Date of Award

Spring 5-2020

Degree Name

Doctor of Philosophy (PhD)



Second Advisor


Third Advisor



It is often of interest to measure the distribution (i.e. mean and percentiles) of count outcomes from national survey data to assess population consumption and guide public health efforts for substances such as alcohol, cigarettes, marijuana, and other illicit or licit drugs. Currently available methods for estimating the distribution of dietary intakes do not immediately lend themselves to estimating the consumption of substances measured as counts, nor do they accommodate the complex design elements – strata, cluster, and weight – characteristic of national surveys. We introduce an accurate methodology, called the Survey Adjusted Count (SAC) method, and an associated SAS macro for estimating population-level distribution statistics (means, percentiles, and standard errors) for cross-sectional and longitudinal count data that arise from complex national surveys. First, a negative binomial hurdle is used to estimate the product of the probability of consuming in a given time period (e.g. day or year) and the amount consumed in the time period, over the number of longitudinal observations available in the study (two or more, depending on the study). These parts are then linked, thus allowing for correlation between the two model parts.
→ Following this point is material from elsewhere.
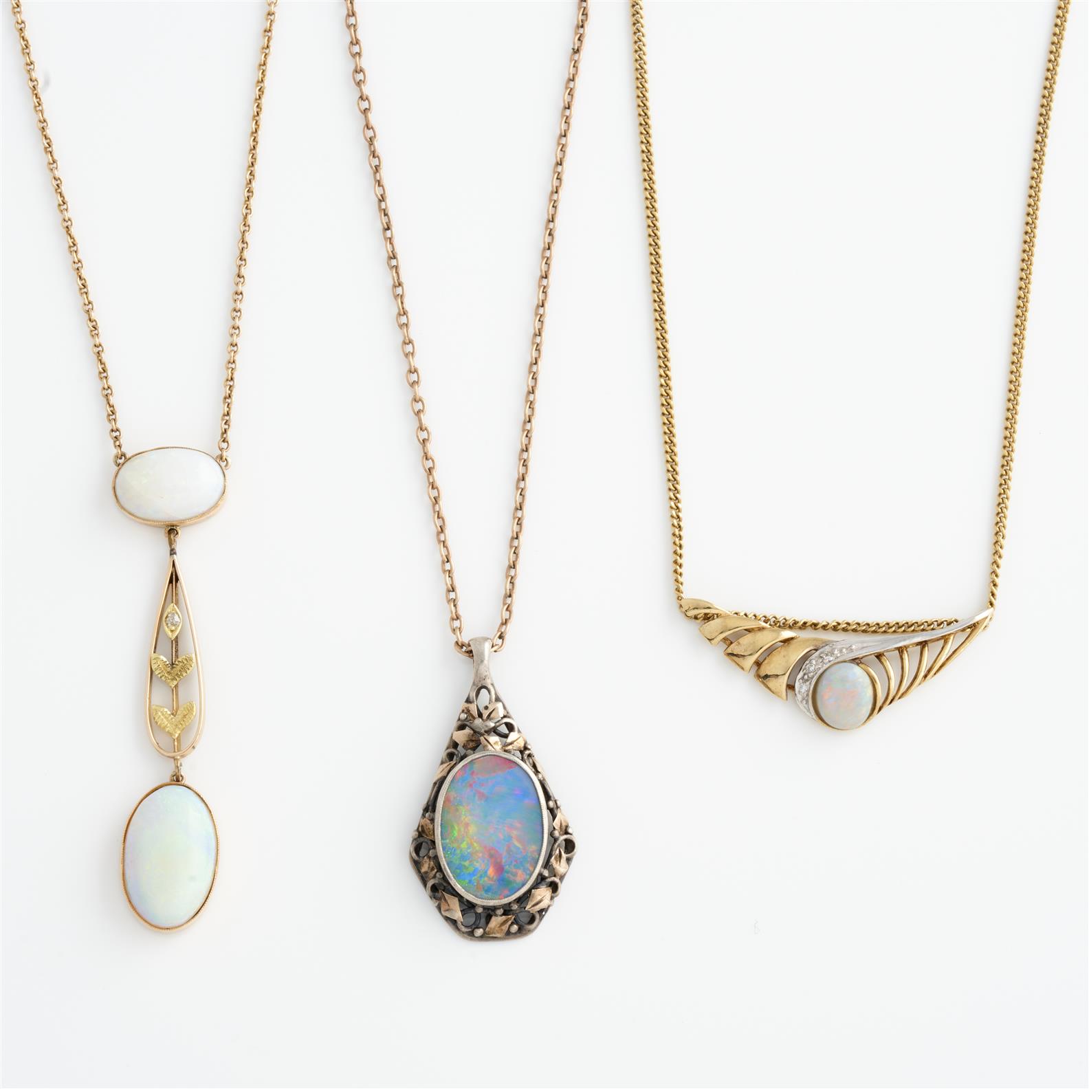 THREE NECKLACE WITH OPAL PENDANTS IN 9CT AND LOW KARAT GOLD, THE ROUND BELCHER AND CURB CHAINS TO SPRING RING AND HOOK CLASPS , 500MM, 380MM, 420MM, 20.7GMS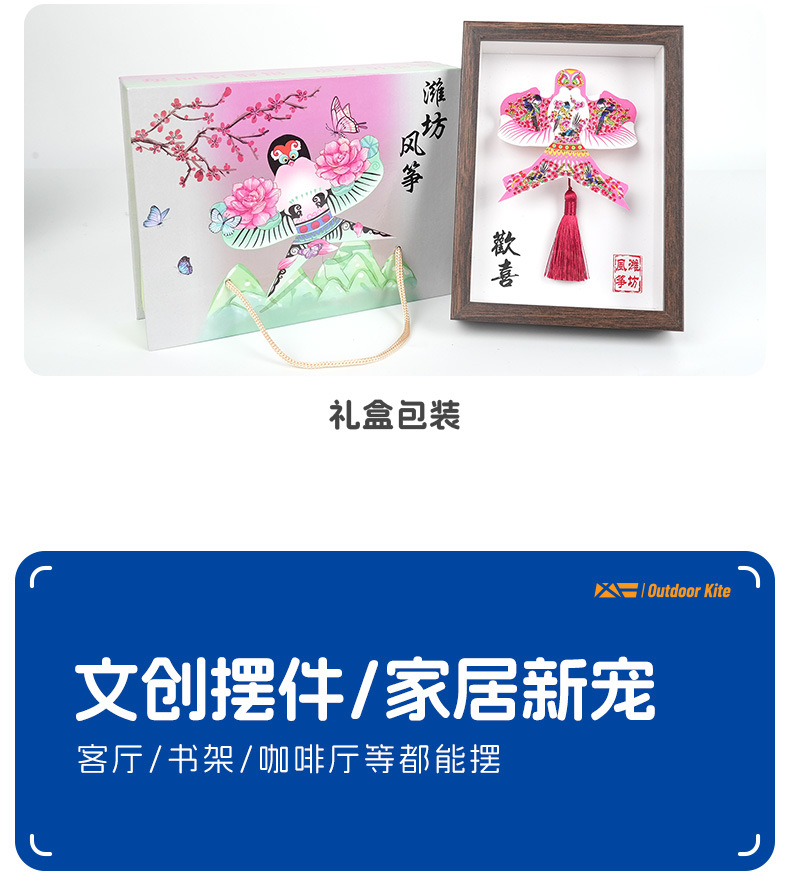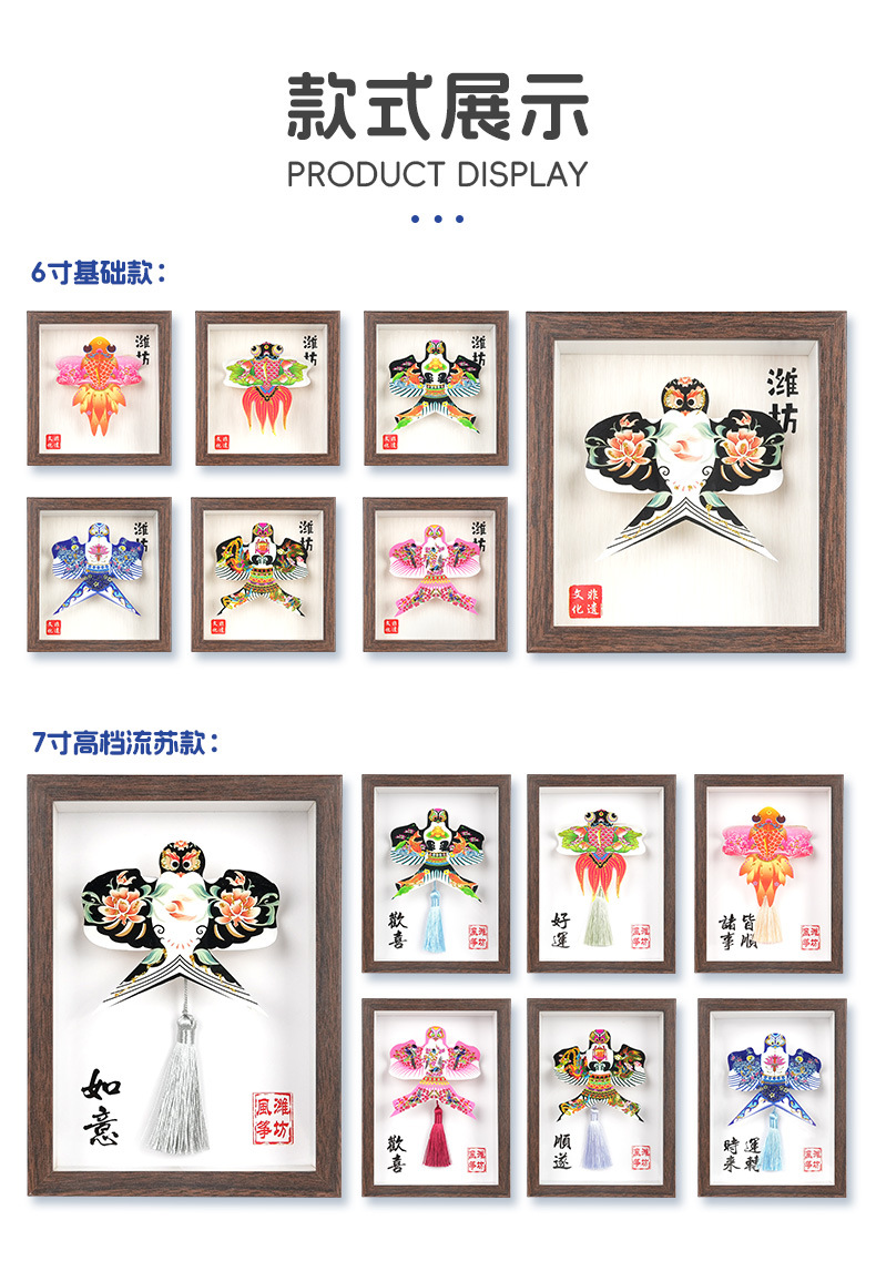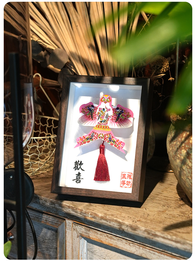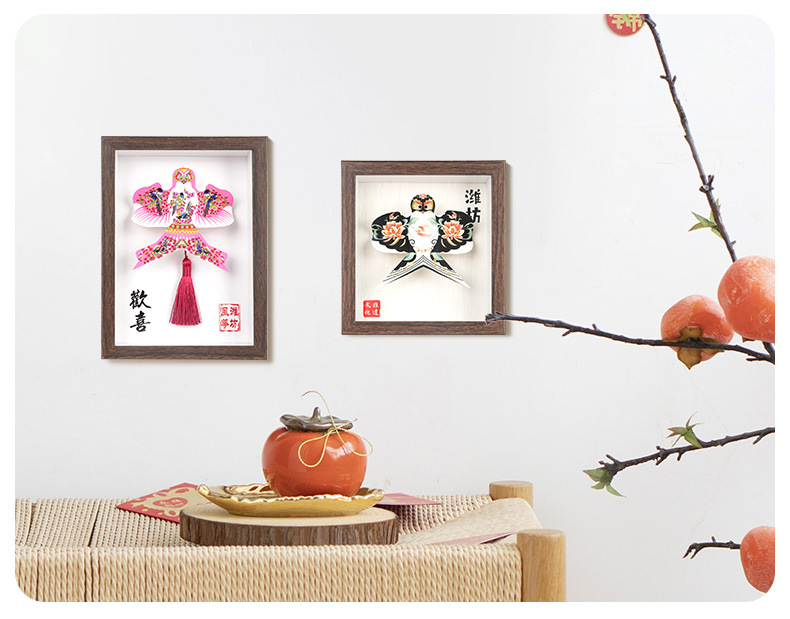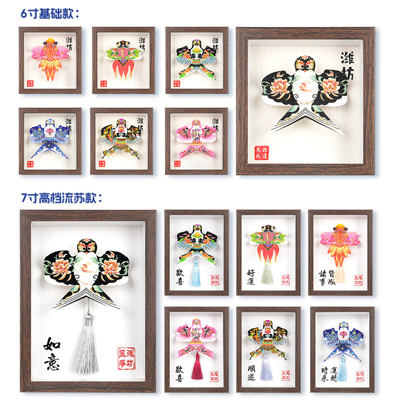 潍坊风筝工艺品礼盒传统纸鸢沙燕观赏镜框高档摆件中国风工艺品

Using these model-based parameter estimates, the distribution of consumption is then simulated to calculate population mean consumption and percentiles. Standard errors are then estimated using Balanced Repeated Replication method which accounts for stratification, clustering, and weighting. We validated the methodology via a simulation study comparing its performance versus currently available methods, and illustrated the utility of the method by estimating alcohol intake from a cross-sectional and a longitudinal survey – the National Health and Nutrition Examination Survey and the National Longitudinal Survey of Youth, respectively. Application of the method to these data allowed us to estimate mean (cross-sectional) and lifetime mean (longitudinal) consumption of alcohol, as well as percentiles and standard errors. Furthermore, using the SAS macro we provide, these distributions can be estimated by subgroups/demographics of interest. Therefore, utilizing the SAC method presented, we can attain accurate estimates of short-term and/or lifetime consumption for counts by subgroups of interest and facilitate accurate public health recommendations.